Rabu, 30 April 2025, berlangsung secara virtual Diskusi Serial: Jejaring Perempuan Pesisir dan Pulau-Pulau Kecil Nusantara dengan tema “Tata Kelola Laut Era Prabowo dan Suara Perempuan Tolak Reklamasi”.
Kepala Departemen Riset dan Keterbukaan Publik Walhi Sulawesi Selatan, Slamet Riadi dalam sambutannya menyampaikan bahwa Jejaring Perempuan Pesisir dan Pulau-Pulau Kecil Nusantara terbentuk di Kota Makassar pada 29 Desember 2023. Terdiri dari beberapa kelompok perempuan yang tersebar diberbagai daerah di Indonesia.
Alasan dibentuknya komunitas ini tidak terlepas dari maraknya kebijakan yang dikeluarkan oleh pemerintah, namun tidak berpihak pada masyarakat pesisir dan pulau-pulau kecil, khususnya perempuan.
“Kita bisa lihat, misalnya PP 26 tahun 2023 tentang pengelolaan hasil sedimentasi laut yang melegalkan ekspor pasir laut. Padahal aturan tersebut sudah ditinggalkan sejak beberapa tahun yang lalu, tapi dihidupkan kembali oleh rezim Jokowi dan dilanjutkan oleh Prabowo” ungkap Slamet.
Dalam diskusi tersebut, menghadirkan dua orang perempuan tangguh yang konsisten dalam mempertahankan ruang hidupnya; Asmania (Perempuan Pejuang Pulau Pari) dan Restin Bangsuil (Ketua Pergerakan Perempuan Tolak Reklamasi Manado).

Asmania, Perempuan Pejuang Pulau Pari, telah berjuang lebih dari 10 tahun sejak tahun 2014 untuk mempertahankan pulaunya dari ancaman reklamasi.
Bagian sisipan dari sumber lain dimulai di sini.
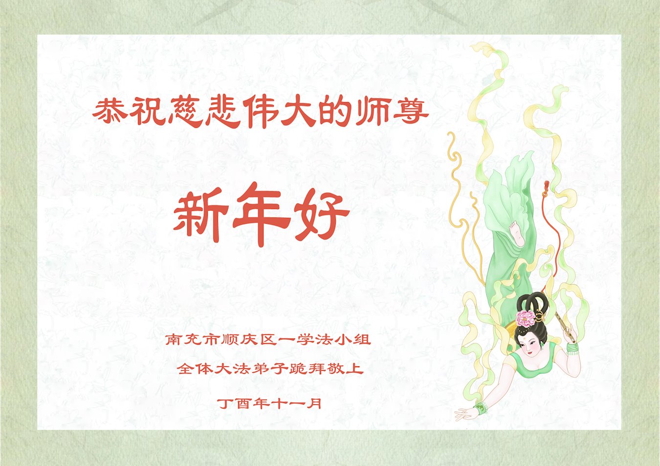 感谢师尊的慈悲救度,恭祝师尊新年好!弟子一定勇猛精進,跟上师父正法進程,多救人。

Namun, sangat disayangkan, perjuangan yang dia lakukan dan kawan-kawannya justru tidak mendapat perhatian dari pemerintah setempat.
“Pemerintah tidak hadir, sehingga konflik tidak pernah terselesaikan” ungkap ibu tiga anak itu.
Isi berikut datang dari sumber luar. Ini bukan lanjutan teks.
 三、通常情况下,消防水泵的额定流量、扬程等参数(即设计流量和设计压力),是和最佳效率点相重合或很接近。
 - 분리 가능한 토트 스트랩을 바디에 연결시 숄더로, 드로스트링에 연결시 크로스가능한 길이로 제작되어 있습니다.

Asmania atau yang akrab disapa Teh Aas juga menjelaskan bahwa kondisi lingkungan yang ada saat ini sejak mulainya reklamasi sudah tidak sebaik dulu. Bahkan, budidaya rumput laut yang dilakukan oleh masyarakat sudah menurun karena reklamasi. Masyarakat juga banyak yang beralih profesi ke sektor lain seperti pariwisata kemudian dikelola secara swadaya.
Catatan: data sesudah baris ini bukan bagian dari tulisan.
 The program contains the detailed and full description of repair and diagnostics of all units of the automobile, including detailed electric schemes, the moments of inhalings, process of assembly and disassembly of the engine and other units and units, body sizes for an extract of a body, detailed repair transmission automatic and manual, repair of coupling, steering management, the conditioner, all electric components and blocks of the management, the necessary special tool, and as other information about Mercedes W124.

“Bukannya diapresiasi oleh pemerintah, justru Pulau Pari diklaim oleh korporasi. Sementara masyarakatnya dikriminalisasi” kata Teh Aas.
Teh Aas tidak akan tinggal diam ketika laut, terumbu karang, dan hutan mangrove di pulaunya dirusak.
“Kami akan terus berjuang. Yang kami perjuangkan bukan hanya untuk kami, tapi untuk generasi yang akan datang. Kami lebih paham bagaimana menjaga pulau kami, yang pasti bukan dengan reklamasi”.
Sementara itu, Restin Bangsuil, Ketua Pergerakan Perempuan Tolak Reklamasi Manado, menjelaskan bahwa Manado terkenal dengan keindahan terumbu karang dan lautnya, misalnya Bunaken. Jika reklamasi terus dilakukan, maka keindahan itu pasti akan rusak.
“Masyarakat terus mempromosikan keindahan Bunaken. Namun, justru pemerintah ingin merusaknya” kata Restin
Selama ini masyarakat hidup dari hasil laut, menjadi seorang nelayan. Meski demikian, mereka mampu menyekolahkan anak-anak mereka hingga ke perguruan tinggi, menjadi seorang guru bahkan menjadi pagawai negeri, ungkap Restin Bungsuil.

Restin sadar bahwa yang tepat melindungi alam adalah perempuan. Baginya, perempuan adalah wujud yang memiliki kesabaran dalam perjuangan. Meski sering di-bully dan diintimidasi, dia dan kawan-kawannya akan terus menjadi garda terdepan dalam menolak reklamasi di Manado.
“Perjuangan tidak akan berhenti. Kita wajib menjaga hal-hal yang ditipkan ibu pertiwi kepada kita. Jangan biarkan ruang hidup kita dirampas. Kita pasti bisa, karena kita memperjuangkan ciptaan Tuhan. Tuhan pasti bersama kita!” tutup Restin.